Hey all, getting the ball rolling on this discussion. My proposal is that for Python 3.14 and onwards we stop providing GPG signatures for artifacts, instead relying entirely on Sigstore bundles to provide authenticity. Existing Python release streams would be unaffected and would continue providing GPG signatures until they are EOL.
CPython has been providing Sigstore bundles for around 2 years now, since Python 3.11. We were on the early side of adopting Sigstore back in 2022 (Sigstore started as a project in March 2021), at this point though Sigstore has been integrated into many software integrity schemes (including GitHub, PyPI, NPM, etc) and so is likely to stick around.

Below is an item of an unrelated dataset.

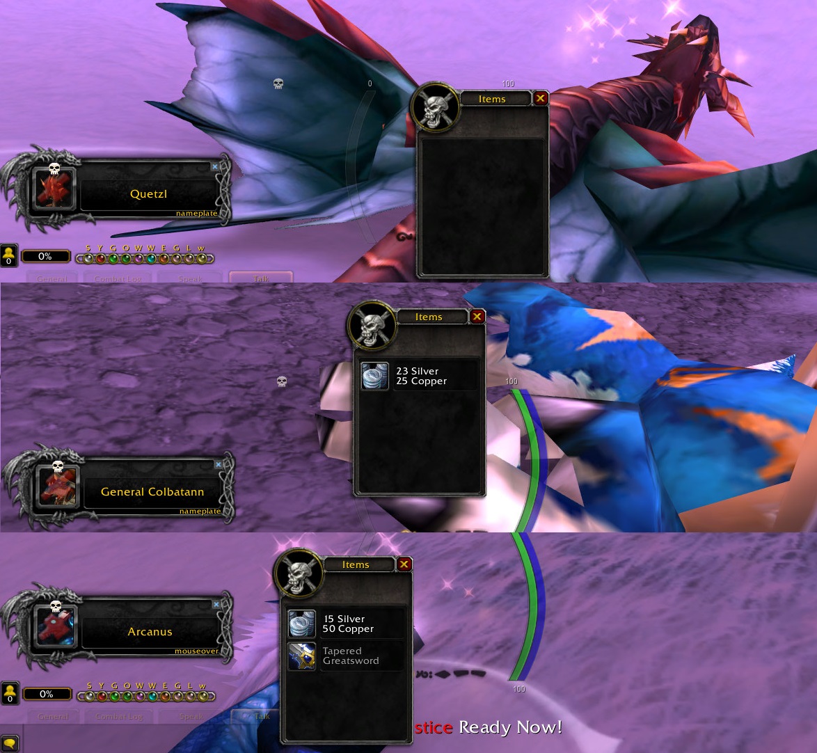 | Description | Редкие мобы Классика: https://www.wowhead.com/npcs/classification:4?filter=13;5;20001#0+1-3+9 Редкие элитные мобы Классика: https://www.wowhead.com/npcs/classification:2?filter=13;5;20001#0+1+3+9 Занижен почти до нуля шанс дропа вещей. Начиная с экспаншена Warlords of Draenor, Редкие и Редкие Элитные мобы должны иметь 100% шанс дропа своих особых вещей: оружия, брони и прочего. Исключение - мобы с которых падают маунты, но таковых на Классике нет. https://us.forums.blizzard.com/en/wow/t/so-how-does-rare-mob-loot-actually-work/899256/3 "Some rare mobs will 100% drop their special item while others only have a chance to drop it." "Most rare mobs have 100% drop chance. Some of them have a small % drop chance (e.g. few Shadowlands 62+ rare) for mounts." | ||||

From a technological perspective, Sigstore has the benefit of not requiring release managers to maintain and protect separate long-lived expiring secret keys to maintain the integrity of Python artifacts, instead release managers only need to maintain control of an email account (something release managers already need to do). On the verifier side, Sigstore doesn’t require discovering and fetching keys which might become unavailable, out of date, etc and doesn’t require downloading an artifact to verify its integrity.

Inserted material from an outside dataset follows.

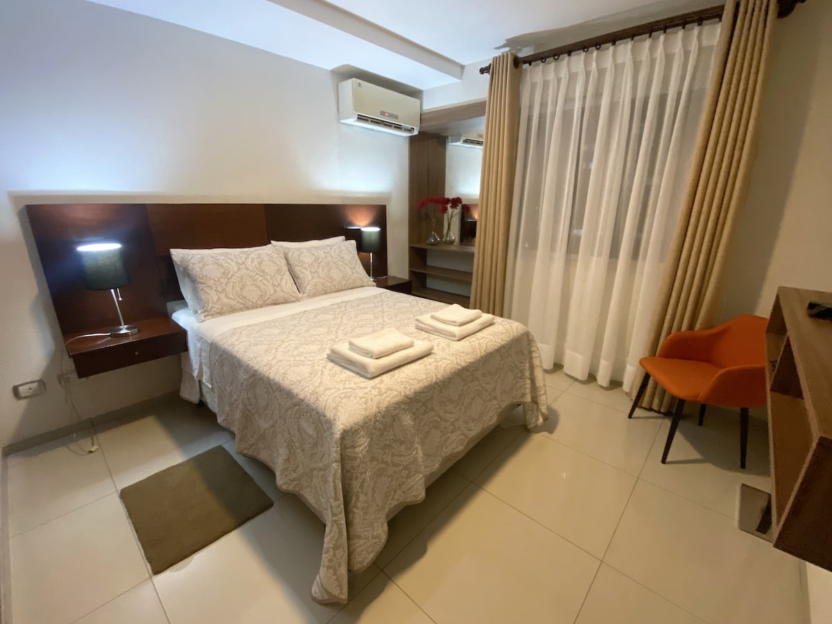 Hermoso departamento cómodo, moderno y muy acogedor, completamente amoblado y en excelente ubicación, zona céntrica y residencial. A sólo unas cuadras del centro histórico, cerca de restaurantes, clínicas, farmacias, bancos, supermercados, plazas y parques. Cuenta con una hermosa vista de la ciudad y todo lo necesario para una agradable estadía ya sea por negocios o placer.

It’s likely that most signature verifications are happening in automated scripts such as distributions. Making this move now, it means we’ll have a year before the next stable release to get the word out to everyone still using GPG keys to start using Sigstore (if only to verify checksums that they have pinned, if there is no way to integrate Sigstore directly, yet).
Also note that last year PyPI dropped support for uploading GPG signatures for Python packages, although the justification there of “most signatures aren’t verifiable” isn’t as much the case for CPython beyond a handful of keys being slightly more difficult to discover or use for verification (see: “OpenPGP Public Keys” section in Download Python | Python.org)
Thank you for opening this @sethmlarson! I’m registering my strong support for this idea: IMO Sigstore offers better cryptographic primitives and a better UX for both signers and verifiers, and has development momentum behind it that we’re unlikely to see the PGP/GPG ecosystem regain.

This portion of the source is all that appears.